## WORK ORDER:
Among the entries that follow, locate the line with "592-16-937 うつわ vol17 [A]D.X8寸角弁当 茶パール扇面 業務用" and the line with "00:31:46Ein zentraler Teil". Output those lines and all lines in between, exactly, minus the pictures.

## DATASET RECORDS:

= = = =

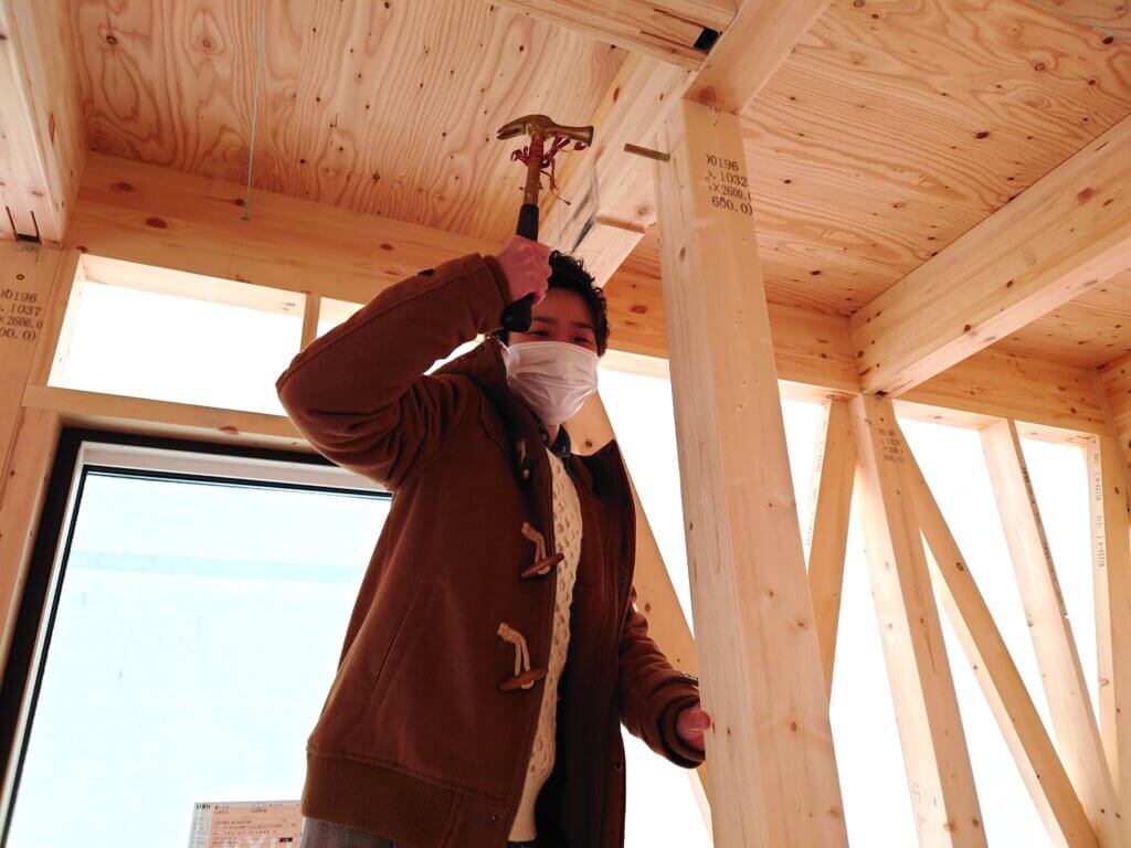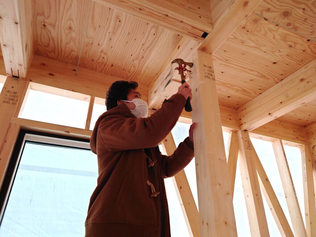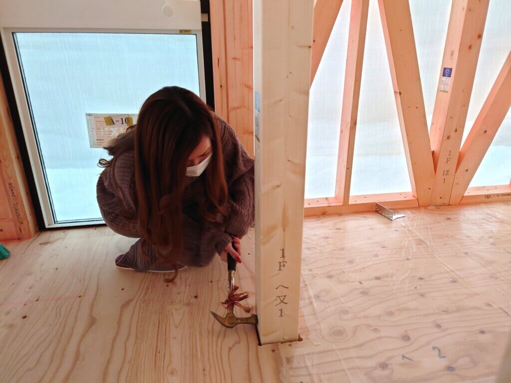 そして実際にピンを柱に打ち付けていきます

= = = =

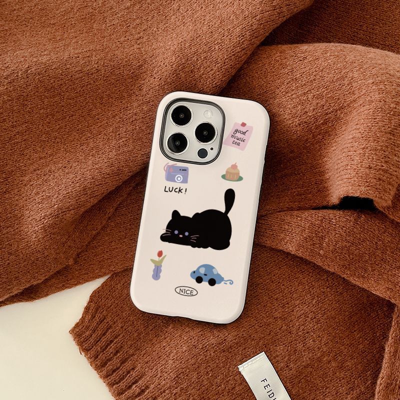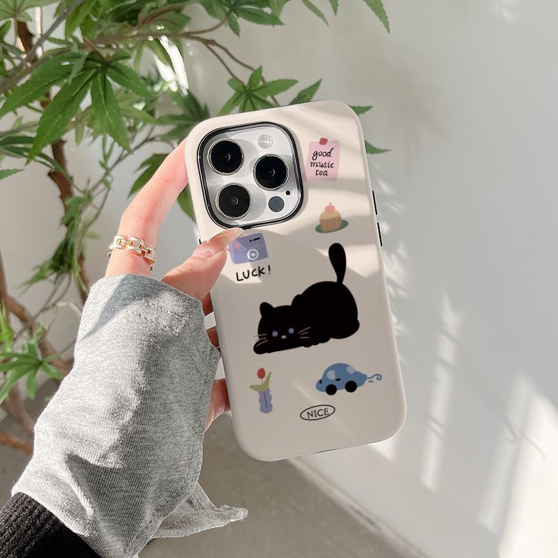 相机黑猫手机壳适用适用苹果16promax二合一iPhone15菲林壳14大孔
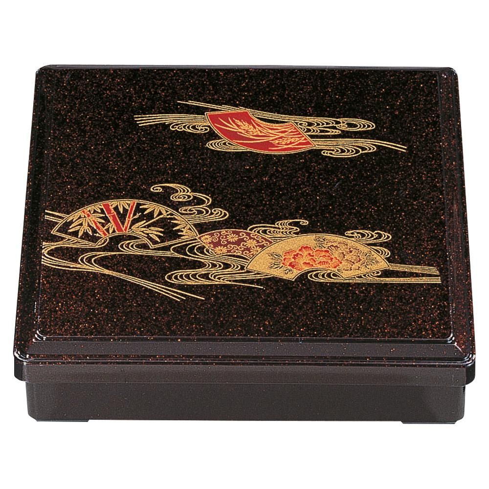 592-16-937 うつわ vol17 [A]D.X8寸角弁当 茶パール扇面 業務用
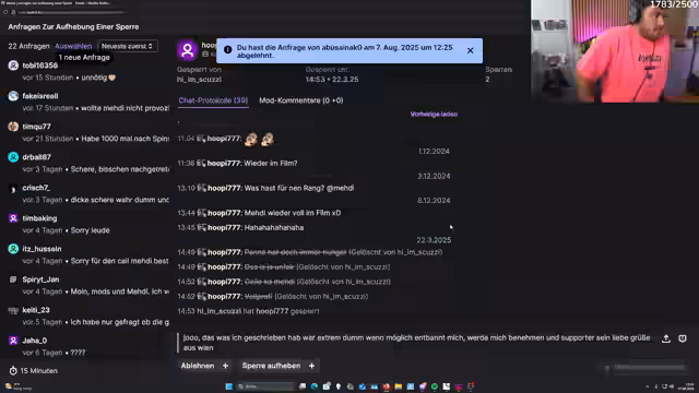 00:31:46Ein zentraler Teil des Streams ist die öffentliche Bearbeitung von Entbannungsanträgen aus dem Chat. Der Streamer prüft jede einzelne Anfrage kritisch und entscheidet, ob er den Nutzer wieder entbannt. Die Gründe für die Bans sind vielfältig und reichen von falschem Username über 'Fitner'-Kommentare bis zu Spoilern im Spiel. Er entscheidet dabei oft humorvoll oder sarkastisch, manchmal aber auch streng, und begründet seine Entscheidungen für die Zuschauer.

= = = =

## EXPECTED ANSWER:
 592-16-937 うつわ vol17 [A]D.X8寸角弁当 茶パール扇面 業務用
 00:31:46Ein zentraler Teil des Streams ist die öffentliche Bearbeitung von Entbannungsanträgen aus dem Chat. Der Streamer prüft jede einzelne Anfrage kritisch und entscheidet, ob er den Nutzer wieder entbannt. Die Gründe für die Bans sind vielfältig und reichen von falschem Username über 'Fitner'-Kommentare bis zu Spoilern im Spiel. Er entscheidet dabei oft humorvoll oder sarkastisch, manchmal aber auch streng, und begründet seine Entscheidungen für die Zuschauer.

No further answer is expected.